London was among the birthplaces of the luxury hotel, and it was an early adopter of the boutique-hotel trend as well. But the most uniquely London form of hospitality just might be the member’s club. These meeting places have historically been approximately one part shared workspace to two parts secret society, and they’re exclusive by nature — not simply exclusive in the modern sense, meaning “expensive,” but truly selective about its clientele. Lately, though, a few of them, like Marylebone’s venerable Home House, have offered another path to (temporary) membership: if you can demonstrate that you’ve got the good taste to book a room for the night, then you’re a member for the duration of your stay.

The Marylebone

London, England

Naming a hotel after a neighborhood is a clear sign that your aim is to more or less sum the place up, and in that the Marylebone succeeds. Once an outlying village, now part of central London, Marylebone itself is an odd mix: its quiet, rather posh residential neighborhoods and its smallish, highly individual retail offerings lie within striking distance of Oxford and Bond Streets, home to some of the world’s best (and busiest) shopping, not to mention Hyde Park and, at a stretch, the theatres of the West End.
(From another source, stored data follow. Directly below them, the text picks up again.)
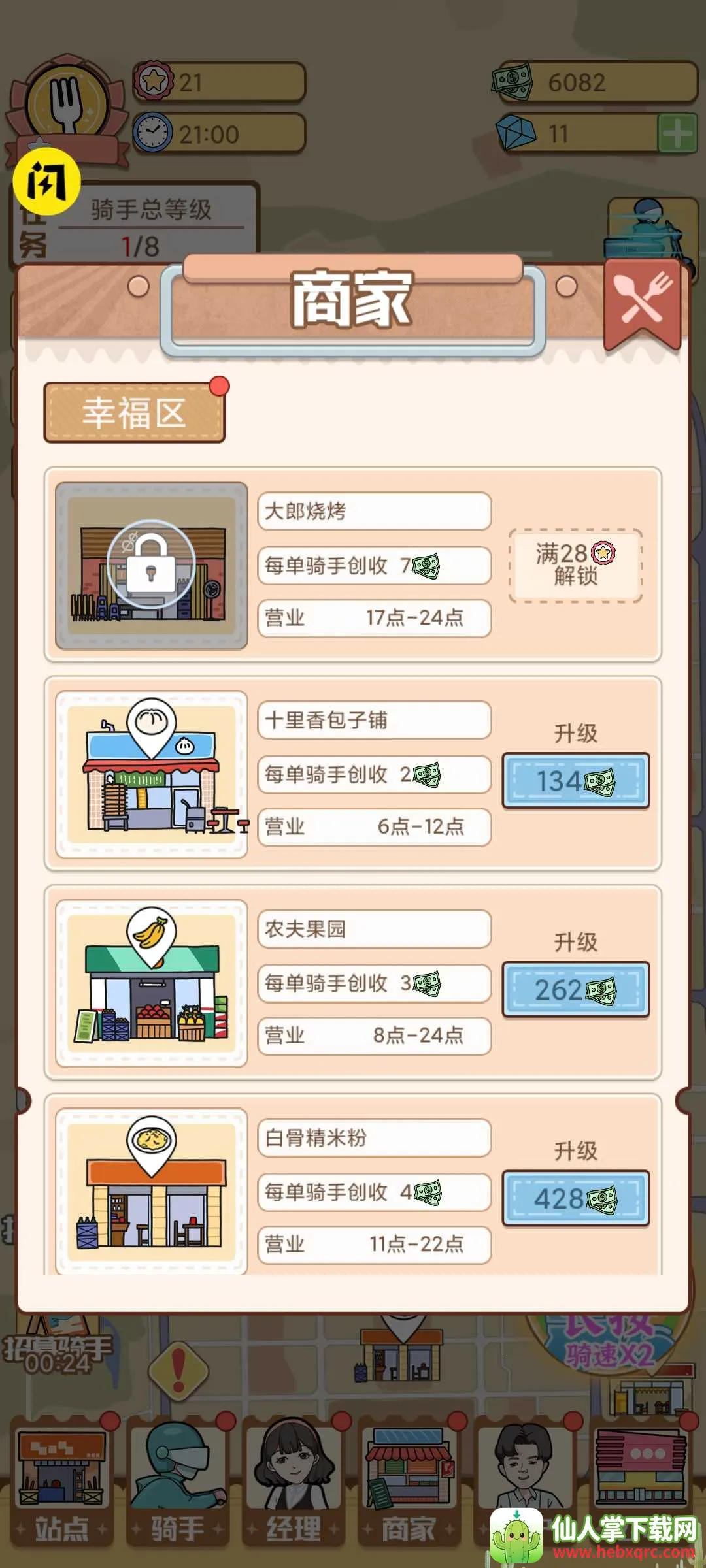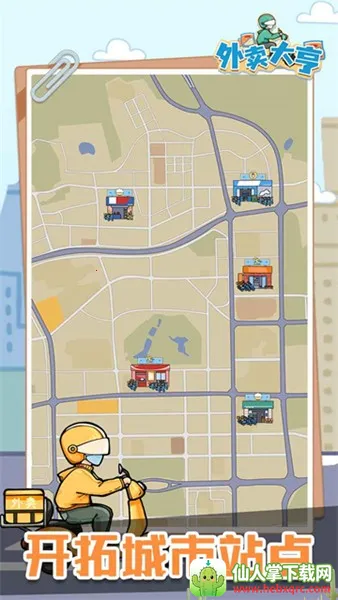 2. 关卡推进可开拓城市区域,建设更多外卖站点,布局庞大商业帝国。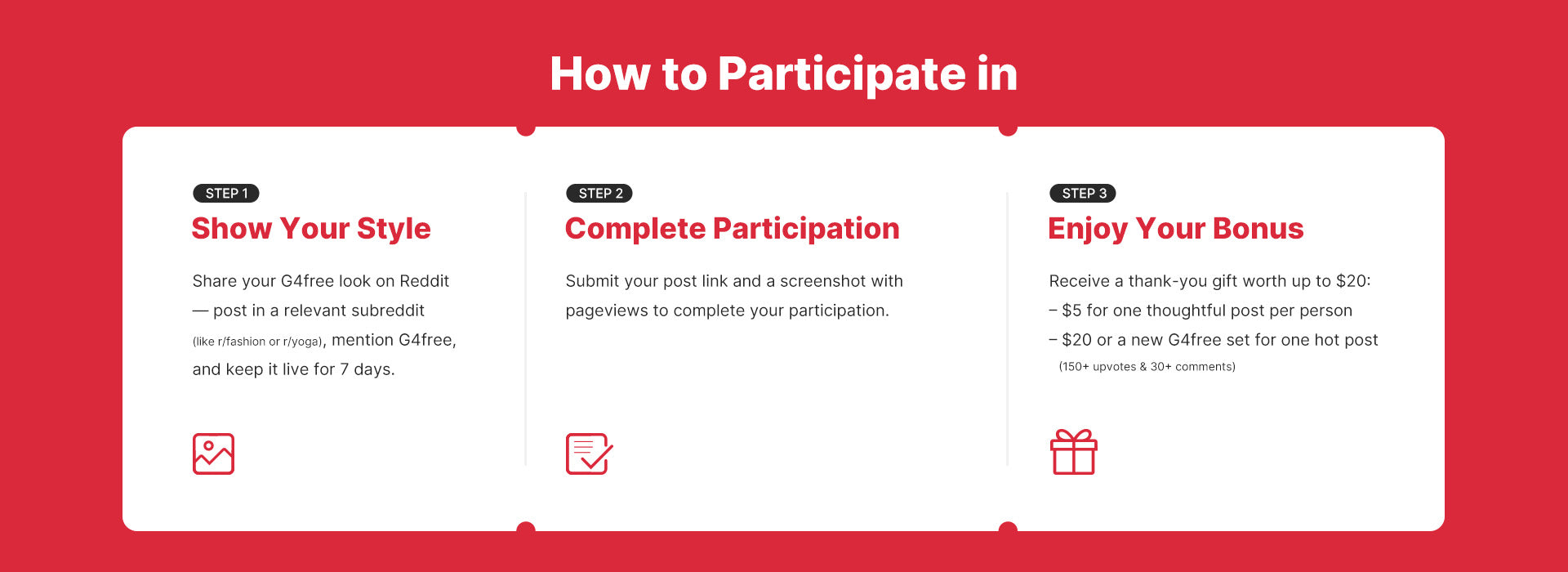 A3: After posting, make sure your post remains live for at least one week. Then, submit your Reddit post link along with a screenshot showing the pageviews to complete your reward claim.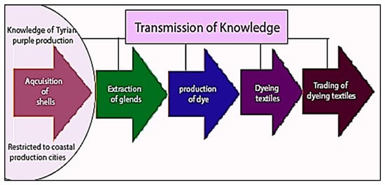 The expertise surrounding the production of Tyrian purple was not static but evolved dynamically over centuries, shaped by accumulated experience and the distinct environmental and logistical challenges of each region. Every phase of the production process—from the initial harvesting of mollusks in coastal zones to the final trade of the dyed textiles—underwent continual refinement in both spatial organization and technical execution [10,12].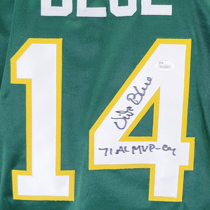 Vida Blue Signed 71 AL MVP CY Inscription Oakland Green Baseball Jersey (JSA)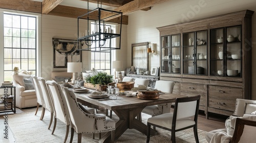 Rustic Farmhouse Dining Room with Wooden Beams and a Chandelier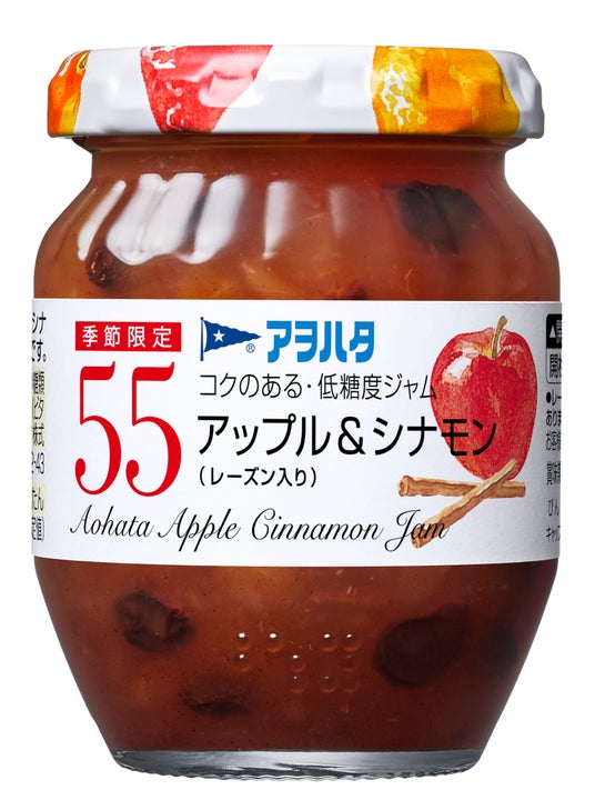 アヲハタ株式会社(本社:広島県竹原市、代表取締役社長:山本範雄、以下アヲハタ)は、フルーツ本来の色と香りにこだわったコクのある低糖度ジャム「アヲハタ 55」から、「ストロベリー&ラズベリー」「アップル&シナモン」を秋冬の季節限定品として再発売します。
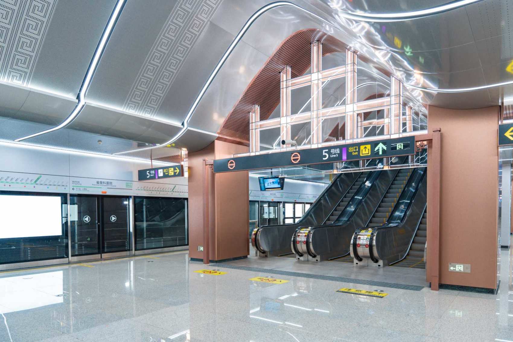在省骨科医院站站厅内,川西传统美学与现代设计交融并置,营造出古今相连的艺术空间。设计团队从川西传统民居中汲取灵感,以金属和线性灯光等现代材料,替代传统木石元素,在保留文化底蕴的同时,传递出轻盈通透的现代气息。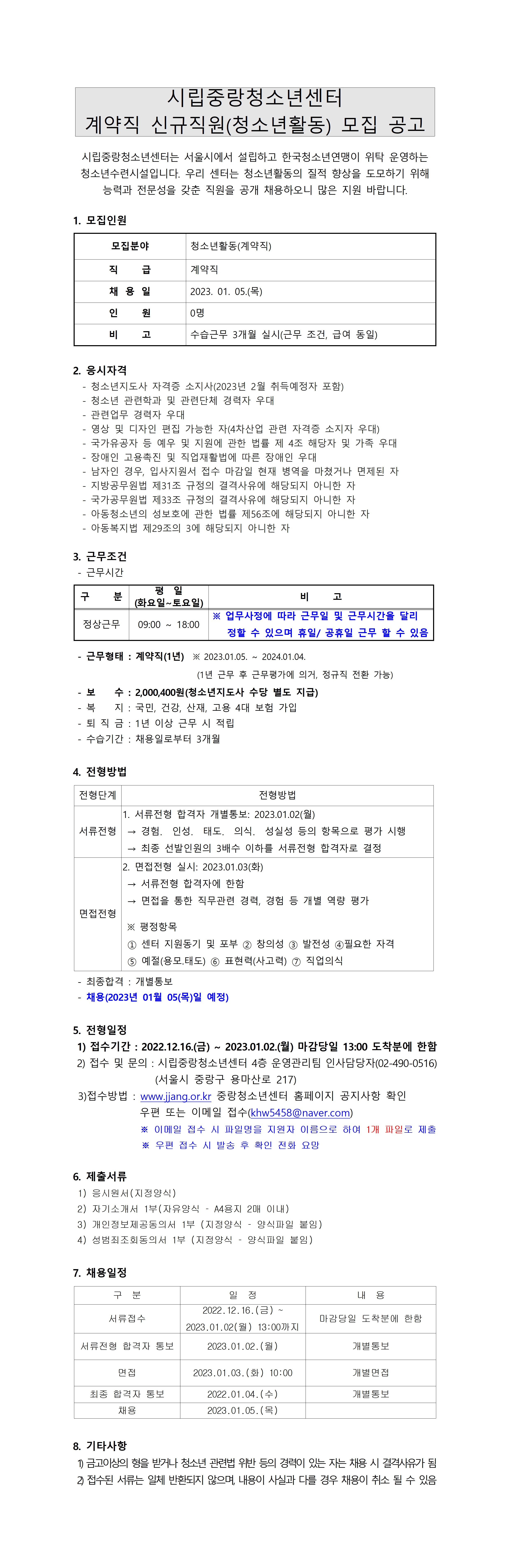 시립중랑청소년센터 청소년활동 신규직원 채용 공고 페이지 정보 작성자 운영자 댓글 0건 조회 2,353회 작성일 22-12-16 13:05 목록 본문 페이스북 공유 트위터 공유 이전글시립중랑청소년센터 청소년활동 신규직원 채용 재공고 22.12.16 다음글시립중랑청소년센터 대안학교 신규직원 모집 22.12.05 댓글 0 댓글목록 등록된 댓글이 없습니다.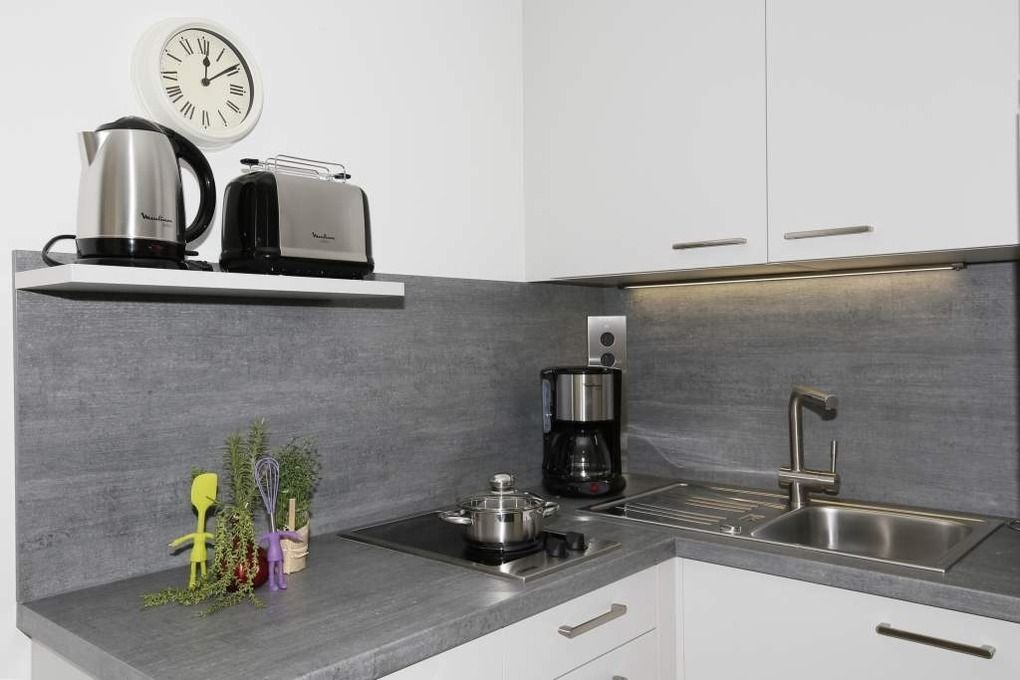 Kaffeemaschine, Wasserkocher und Toaster gehören zur Grundausstattung.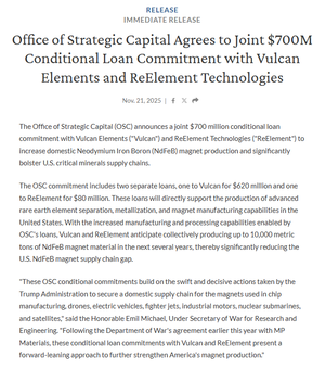Dohoda Úřadu pro strategický kapitál ve výši 700 milionů dolarů s Vulcan Elements & ReElement Technologies posiluje americký dodavatelský řetězec pro klíčové magnety používané ve všem od stíhaček po satelity. Je to zásadní krok k oživení naší průmyslové základny a obrovské vítězství pro národní bezpečnost. Jedná se o úžasnou iniciativu, která přímo podporuje priority @SecWar & @POTUS.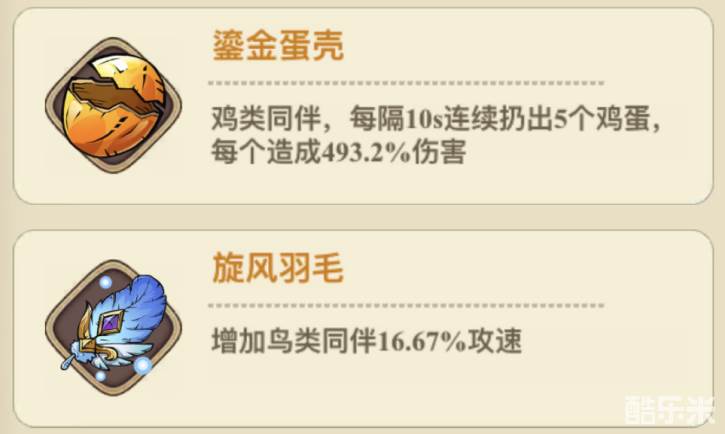 基于同伴选择,遗物推荐鎏金蛋壳或旋风羽毛,前者增加鸡类同伴额外伤害,使其每隔10秒能扔出5个鸡蛋并造成高额伤害。后者可以增加鸟类同伴攻速,在冒险对战时为弓箭手打出更多伤害。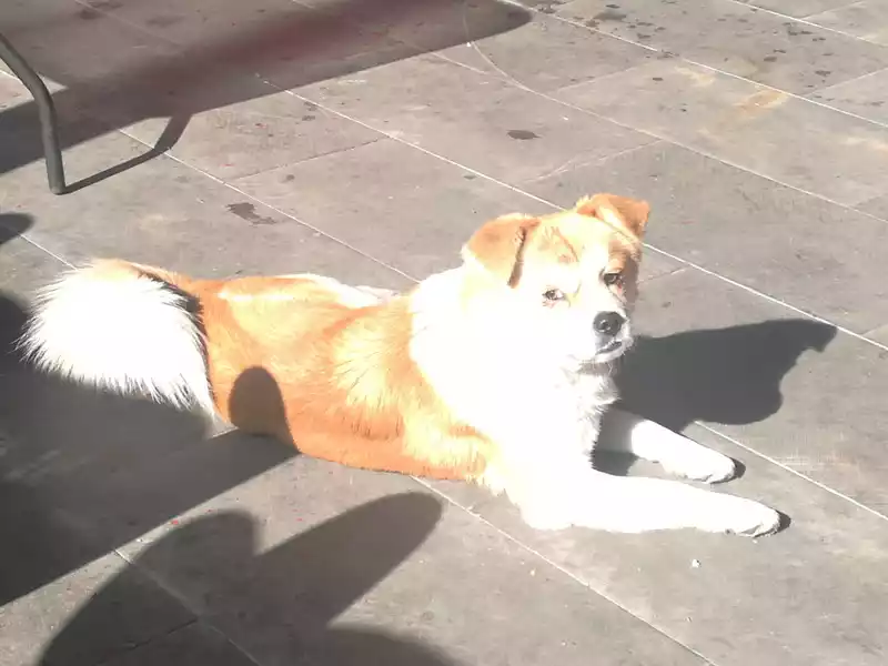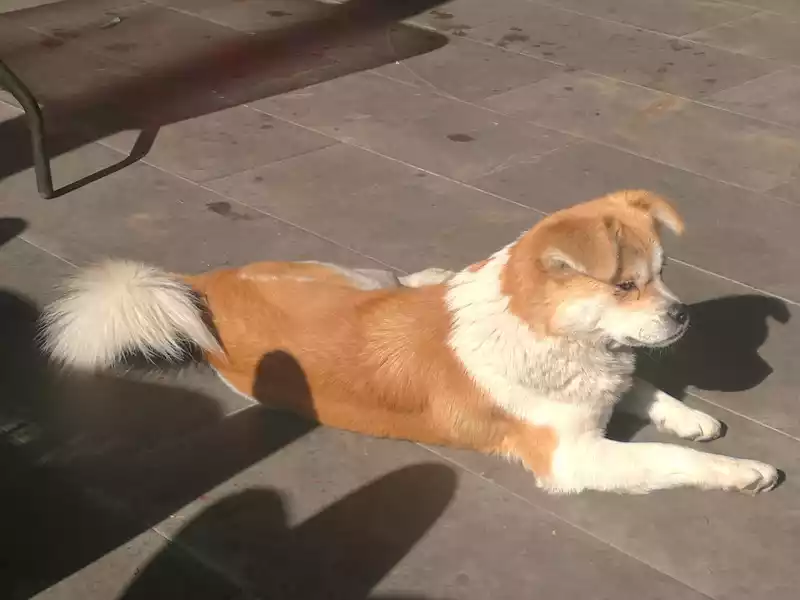 While sitting idly drinking tea, the puppy kept lying next to him basking in the sun, feeling that someone was watching, looking up, and his little eyes were very bored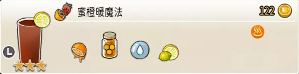 蜜橙暖魔法(大杯) 出售原价:122 状态:加热,无糖 配方:鲜橙×2+蜂蜜×1+水×1,鲜柠檬切片×1(装饰),搅拌 等级:3星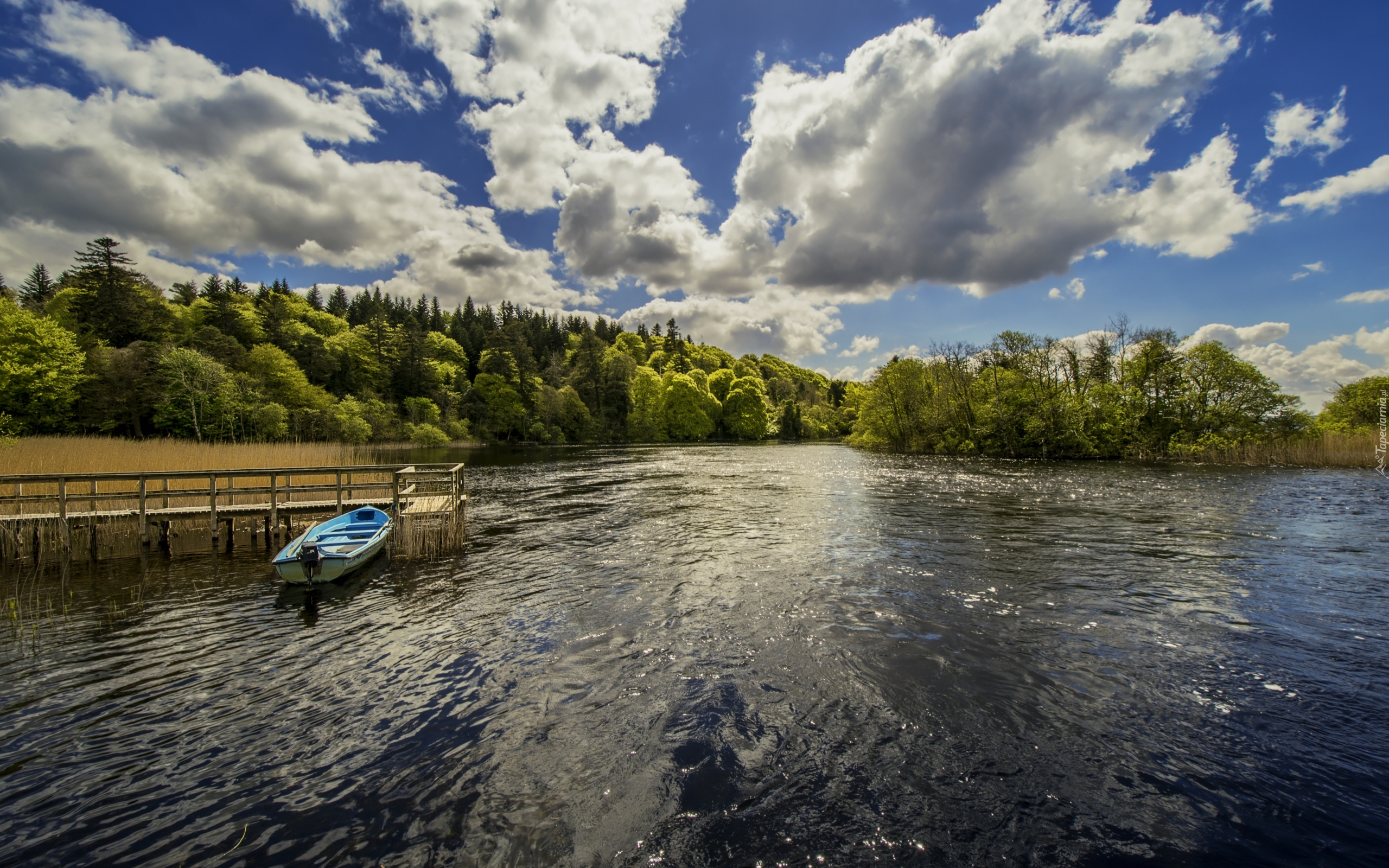 Edytor tapety: Jezioro w lesie z pomostem i łódką

Not a bad all-purpose home base for a visit to the capital, and not a bad place for a boutique-influenced luxury hotel like the Doyle Collection’s Marylebone.

The Standard London

London, England

Brutalist architecture is back in a big way — good news for London, which is practically swimming in the stuff. The old Seventies-era Camden Town Hall Annexe, just opposite St Pancras Station in King’s Cross, has lived long enough to evolve from an architectural pariah into something precious. After a number of developers came close to demolishing it, in swooped the Standard hotel group, who rightly saw a bit of their own aesthetic reflected in its orderly Modernist geometry. The Standard, London is the brand’s first outside of America, and it’s a perfect fit for this newly hip North London neighborhood.

Great Scotland Yard

London, England

This is a building whose fame, paradoxically, ends up obscuring it — “Scotland Yard” now refers to wherever the Metropolitan Police headquarters is, and the name followed the agency when it moved, over a century ago, into new digs closer to Westminster. Now Great Scotland Yard, the original Edwardian brick edifice, is back in circulation, this time as a luxury hotel in Hyatt’s Unbound Collection.

St Martins Lane Hotel

London, England

St Martins Lane has set the bar for quite some time in London’s boutique scene, showcasing Philippe Starck’s trademark irreverence in stark contrast to the English urban-country-house norm. Tim Andreas built on that ethos — a potent blend of zany, baroque, and minimalist elements —with his interiors, an update on the tried-and-true “urban resort” theme.